L’anteprima europea sarà venerdì 2 ottobre alle 20.30 nel teatrino del Castello di Rivoli – Museo d’arte contemporanea. Il film è stato scelto per chiudere la rassegna “Pestifera” che ha esplorato i temi del contagio morale e fisico. Pestifera, alla prima edizione, è un progetto del Castello di Rivoli - Museo d’arte contemporanea in collaborazione con Distretto Cinema ed è stato curato da Carolyn Christov-Bakargiev, Irene Dionisio e Fulvio Paganin.

Dopo essere stato presentato al Festival di Toronto, il film arriva per la prima volta in Europa, a Rivoli, in una serata organizzata da Distretto Cinema e Castello di Rivoli: sarà introdotta dal critico cinematografico Giampiero Frasca mentre il regista sarà in collegamento dal Canada, dove risiede.

Al centro la paura, ma anche il pregiudizio razziale

Il film, con Emy Aneke, Zarina Sterling, Richard Lett, del giovane artista e regista iraniano-canadese, indaga i temi della paura e del razzismo attraverso la storia di questo gruppo di persone bloccate sull’ascensore durante la pandemia. Uno studio sulla società, le persone e le scelte narrate attraverso un insieme di individui bloccati in uno spazio ristretto. Un ritratto claustrofobico degli effetti societari della pandemia globale.
 
Mostafa Keshvari è un nome noto nei festival, soprattutto per i cortometraggi selezionati da Cannes: ha firmato il suo primo lungometraggio nel 2018, il pluripremiato “Unmasked”, su un'immigrata musulmana che si iscriveva di nascosto a una scuola di recitazione aprendosi a una diversa prospettiva. Autore attento ai temi della diversità e dell’inclusione, con “Corona” ha voluto raccontare sia il contagio sia la diffusione della xenofobia associata al virus, “nato” in Cina.

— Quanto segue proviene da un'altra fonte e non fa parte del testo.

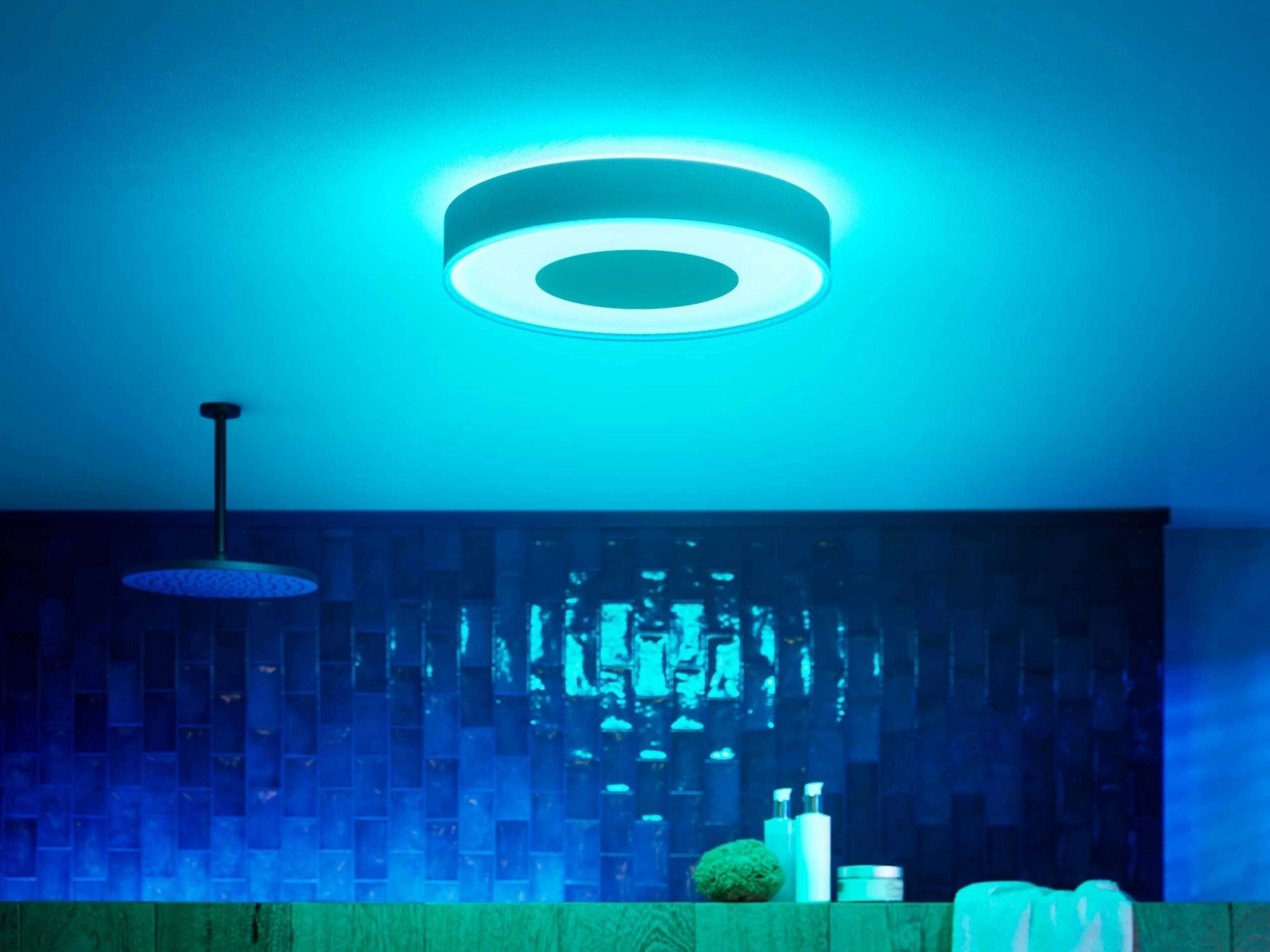 Stropní světlo v koupelně HUE Xamento LED uznávaný a respektovaný v oboru osvětlení Philips. Plafón vybavený integrovaným světelným zdrojem LED z 52,5W a velmi účinný světelný výkon - 3700 lm. Lampa naplní místnost barevným světlem a širokou paletou bílého světla, navodit správnou náladu a usnadnit každodenní činnosti. Vysoký stupeň vodotěsnosti zaručený krytím IP44 umožňuje instalaci v místnostech s vysokou vlhkostí, jako jsou koupelny. Stropní světlo HUE Xamento může fungovat samostatně nebo jako součást systému chytrého osvětlení po připojení k můstku Hue Bridge.

Il film è stato girato a febbraio, agli albori della pandemia, con una troupe già ridotta all’osso, di sole 25 persone. Il set è stato ricreato in un capannone e agli attori è stato data libertà di improvvisazione, proprio per immortalare cosa il mondo stava vivendo. Sottotitolo emblematico: “La paura è un virus”. “L’idea mi è venuta mentre ero in un ascensore a leggere notizie sugli attacchi di turisti cinesi e ho pensato di girare un film in un ascensore”, ha dichiarato Keshvari a The Hollywood Reporter. Aggiunge “Il Covid-19 è stato denominato all'inizio virus cinese. Ma ora colpisce tutti, non esiste un problema razziale. Ora la razza umana deve unirsi per sconfiggerlo. Il virus non discrimina, perché dovremmo farlo noi?". Un pregiudizio non ancora superato, visto che l’espressione a volte viene utilizzata dal presidente americano.
 
Oltre alla ragazza cinese, gli altri personaggi sono un addetto alle riparazioni (Emy Aneke), l'unico che prova a controllare la paura del contagio, una millennial (Zarina Sterling), un suprematista bianco con piccola svastica sulla fronte e in sedia a rotelle (Richard Lett), il proprietario del palazzo (Josh Blacker), una donna incinta (Andrea Stefancikova) e un inquilino indebitato (Andy Canete). Nei dialoghi e nelle azioni emergono reazioni istintive.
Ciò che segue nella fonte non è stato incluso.